Lake Burdur hosts saline-adapted biota and serves as a critical habitat for waterbirds along migration routes crossing the Palearctic flyway. Notable avifauna include internationally significant populations of the white-headed duck (Oxyura leucocephala), greater flamingo (Phoenicopterus roseus), and various ducks and waders which have prompted attention from organizations such as BirdLife International and the Ramsar Convention. The lake supports halophytic vegetation in littoral zones, including reed beds comparable to those around Lake Manyas and Lake Hula. Ichthyofauna include endemic and tolerant species documented by Turkish ichthyologists from institutions like Ege University and Istanbul University. Invertebrate communities (brine shrimp and chironomids) underpin food webs that connect to migratory avian populations studied by conservationists affiliated with IUCN programs.
Human presence around the lake dates to prehistoric times, with archaeological sites and surface surveys revealing Neolithic, Chalcolithic, Bronze Age, Classical, Byzantine, and Ottoman occupations. Nearby archaeological projects have involved institutions such as the Turkish Historical Society and foreign missions linked to museums like the British Museum and universities including Leiden University and University of Cambridge. Finds in the Burdur basin include pottery, burial contexts, and settlement remains comparable to contemporaneous sites in the Anatolian Bronze Age and Hellenistic periods, and parallels have been drawn with regional centers like Myra and Sagalassos. Historical travelogues from Ottoman and European explorers documented the lake and surrounding market towns along routes between Konya and Antalya.
The lake's basin supports agriculture (cereal, sugar beet, fruit orchards), livestock grazing, and salt extraction activities historically tied to nearby towns and trading networks involving marketplaces in Burdur and Isparta. Irrigation infrastructure, including canals and groundwater wells managed by regional directorates, supplies fields that produce crops consumed domestically and traded with urban centers such as Antalya and Konya. Local economies also involve small-scale fisheries, tourism connected to birdwatching promoted by NGOs and municipal authorities, and cultural heritage enterprises centered on archaeological sites and regional festivals supported by the Ministry of Culture and Tourism (Turkey).

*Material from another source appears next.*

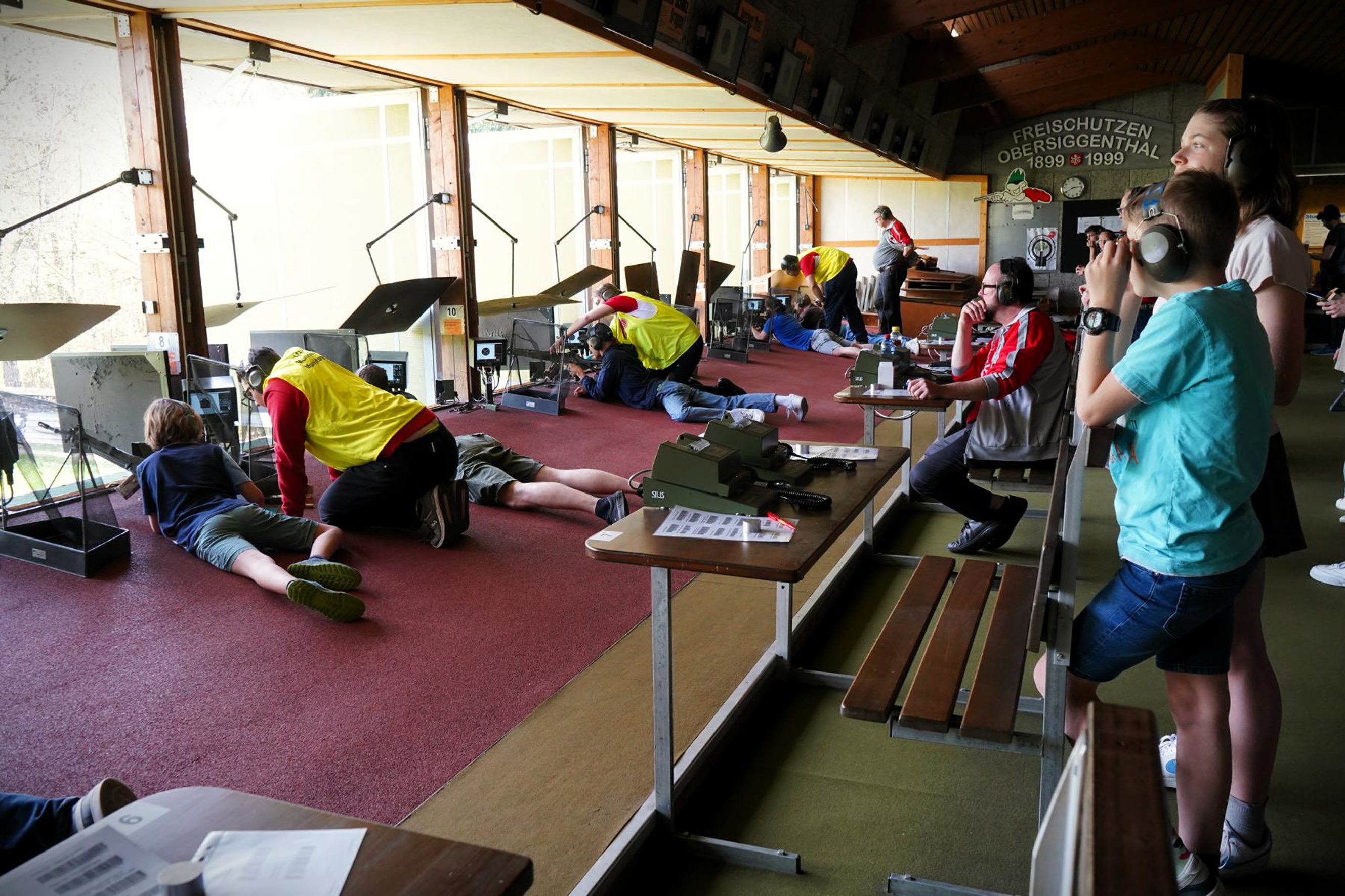 Im Aargau öffneten die Freischützen Obersiggenthal am 13. April 2024 ihre Schützenhaustore. Solche Events seien für ihren Verein wichtig, sagt Conny Füglister, die sich selbst als «Mädchen für alles» bezeichnet. «Es kommt eher selten vor, dass Interessierte einfach so vorbei kommen, um sich zu informieren. Man muss die Jungen dort abholen, wo sie gerade stehen. Wenn sie im Schulsport schiessen, kann ich bereits auf die 8-Jährigen zugehen und versuchen sie zu motivieren, dem Verein beizutreten. Dies ist aber nur vereinzelt der Fall», bedauert die Gewehrtrainerin. Deswegen nützten die Freischützen Obersiggenthal - die heuer ihr 125-jähriges Bestehen feiern – den Tag der offenen Schützenhäuser, um sich und ihre Schiessanlage «Ebne» von ihrer Schokoladenseite zu zeigen.
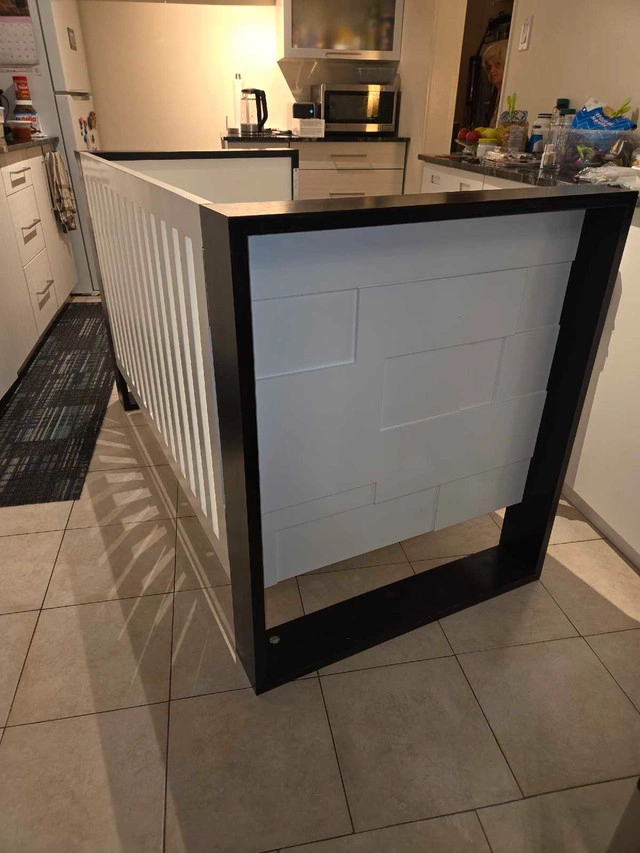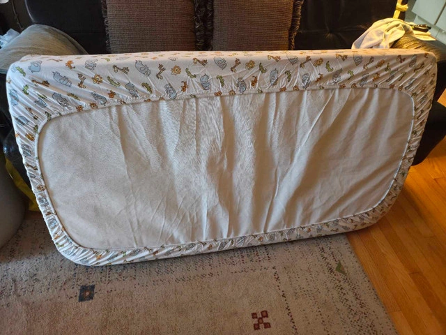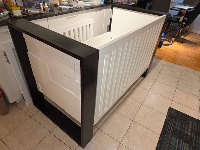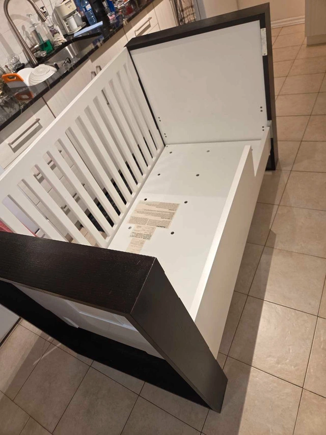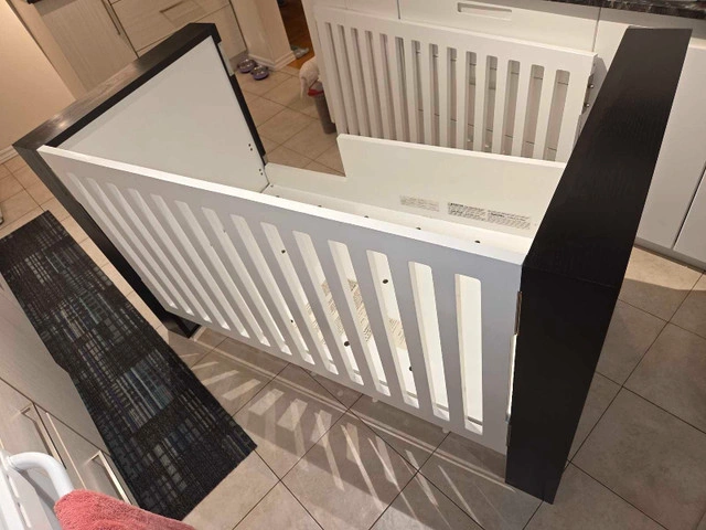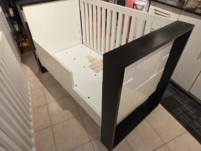 This is a Nurseryworks S1042 Aerial Crib, smartly designed to convert to a toddler bed, with decorative end panels and adjustable options. This modern crib features a white interior with black trim. The crib has been well-maintained and is in good condition, ready for your little one. Here are some additional details: * Convertible to toddler bed * Decorative end panels * Modern design Mattress is also available

Lake Burdur faces environmental pressures from water abstraction for irrigation, groundwater depletion, changing precipitation regimes associated with climate variability, and land-use change including conversion to agricultural fields. Consequences include receding shorelines, salinity shifts, habitat loss for species like the white-headed duck, and episodic fish die-offs that have drawn attention from the IUCN, BirdLife International, Ramsar Convention, and Turkish environmental agencies. Conservation responses include proposals for water management plans by the General Directorate of State Hydraulic Works, designation efforts under national wetland protection schemes, scientific monitoring by universities (e.g., Hacettepe University, Burdur Mehmet Akif Ersoy University), and international cooperation forums linked to UNEP and biodiversity targets from the Convention on Biological Diversity. Restoration measures emphasize integrated basin management, regulated abstraction, habitat rehabilitation, and community engagement through local municipalities and civil society organizations.